The crosswalks on Gilbert Road have been repainted in order to look like husky tracks left by everyone's favorite dog Jonathan. (Jason Jiang/The Daily Campus)

Following the Gilbert Road re-pavement project, paw prints were recently painted in the crosswalks of Gilbert Road at the University of Connecticut’s Storrs Campus.

“Since we had to repaint the crosswalk anyway after the paving project, we decided to add something a little whimsical that would make people smile and feel UConn pride,” Reitz said.

I think the paw prints unite us in a way, everyone is so diverse at UConn but we are all Huskies and the paw prints are a constant reminder of our school spirit.
— Allied health major George Vallejo

According to Reitz, federal regulations require two painted parallel lines at crosswalks and leave decisions about the neutral space to the local road agency.  Diagonal lines are usually painted within crosswalks for higher visibility, which will continue in the busier intersections on campus. UConn’s facilities office worked with the marketing directors to get the stencils for the paw prints.

Reactions to the paw prints around campus have been positive;from students that have noticed them on campus and on UConn’s social media accounts. (Amar Batra/The Daily Campus)

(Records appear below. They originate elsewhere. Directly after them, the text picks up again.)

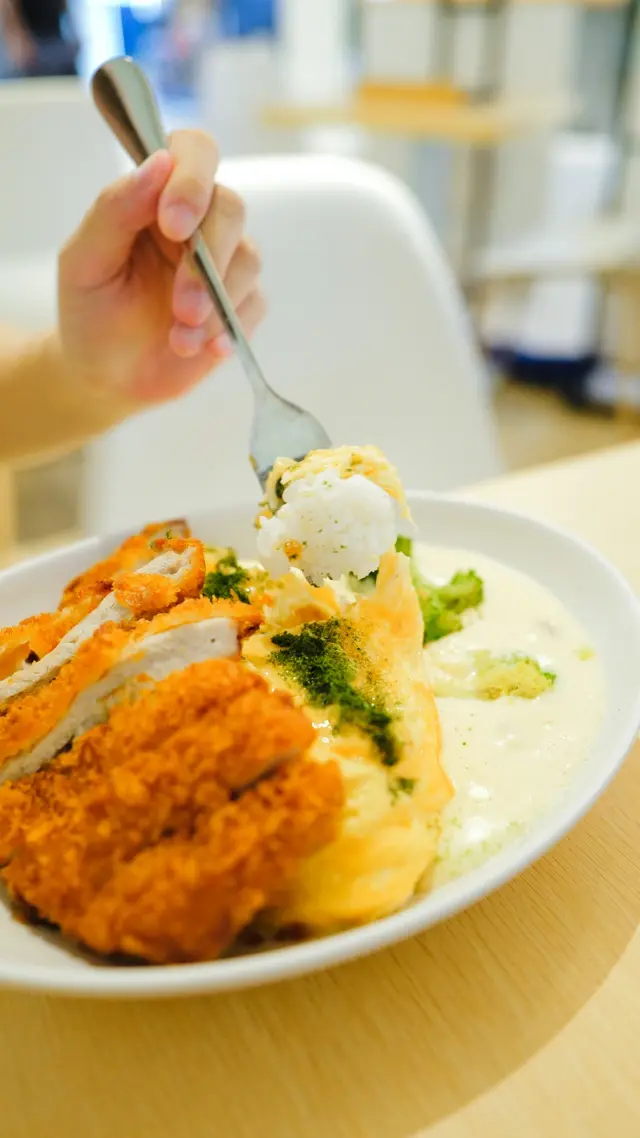 芝士吉列豬扒蛋包飯炒蛋好滑嫰啊!
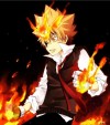 Tsuna is a junior-high student and an unwilling mob-boss-in-training. The reason Tsuna was recruited was because the first Vongola boss moved to Japan. Tsuna is his great-great-great grandson. The other candidates for the position of the head of the Vongola family died. Before Reborn finds Tsuna, Tsuna is known as "No Good Tsuna" for his poor grades and bad luck. When shot with the Vongola family's deathperation shot, Tsuna would normally die, but since he has regrets in his life(i.e. not telling Kyoko Sasagawa that he loves her), so he comes back as a powerful mostly-naked warrior with a flame on his forehead and blanked out eyes (his boxers somehow survive). After five minutes, he turns back into normal Tsuna. (Source: Wikipedia)
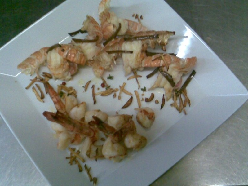 Proces tehnologic: se curata langustinele si crevetii dupa care crevetii ii vom taia in fluture, usturoiul il tocam julien iar 2-3 catei ii facem pasta,cimbrul si rozmarinul se toaca marunt, iar piperul rosu il zdrobim. Se pune o tigaie la incins cu unt si se soteaza creveti cu langustinele si usturoiul pasta,sare si piper si stingem cu putin vin dupa care acoperim cu capac 1 minut pentru a se inabusi. Separat vom sota usturoiul julien impreuna cu cimbru, rozmarin sare,piper zdrobit. Vom pune fructele de mare in farfurie, iar peste ele vom pune usturoiul sotatsi fisiile de trufe marinate sau proaspete.
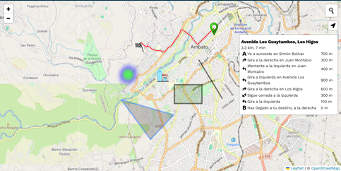 Por esto se ha tomado en cuenta que se puede trabajar con características que pueden ser; puntos, rutas, figuras, zonas de calor. En la figura 4, se muestra el resultado luego de trabajar con estas características en el mapa de la aplicación.
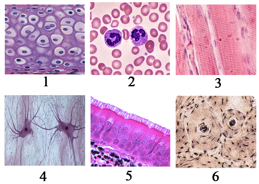 Установите соответствие между характеристиками и типами тканей млекопитающих, изображенными на рисунках 1, 2 и 3: к каждой позиции, данной в первом столбце, подберите соответствующую позицию из второго столбца.

“I remember I stopped in the middle of the crosswalk to get a better look at the paw prints. It was something so small, but it instantly improved my mood. I think it is a great addition to campus and there should be more paw prints all around campus,” seventh-semester psychology major Alisha Rolon said.

According to Reitz, reactions to the paw prints around campus have been positive;from students that have noticed them on campus and on UConn’s social media accounts.

“I think the paw prints unite us in a way, everyone is so diverse at UConn but we are all Huskies and the paw prints are a constant reminder of our school spirit,” fifth-semester allied health major George Vallejo said.

According to Reitz, the busier intersections need to have diagonal lines and UConn will look to continue to paint paw prints on the smaller side streets of campus.  Reitz said it is possible there will not only be more, but much bigger paw prints, to really make them stand out around campus.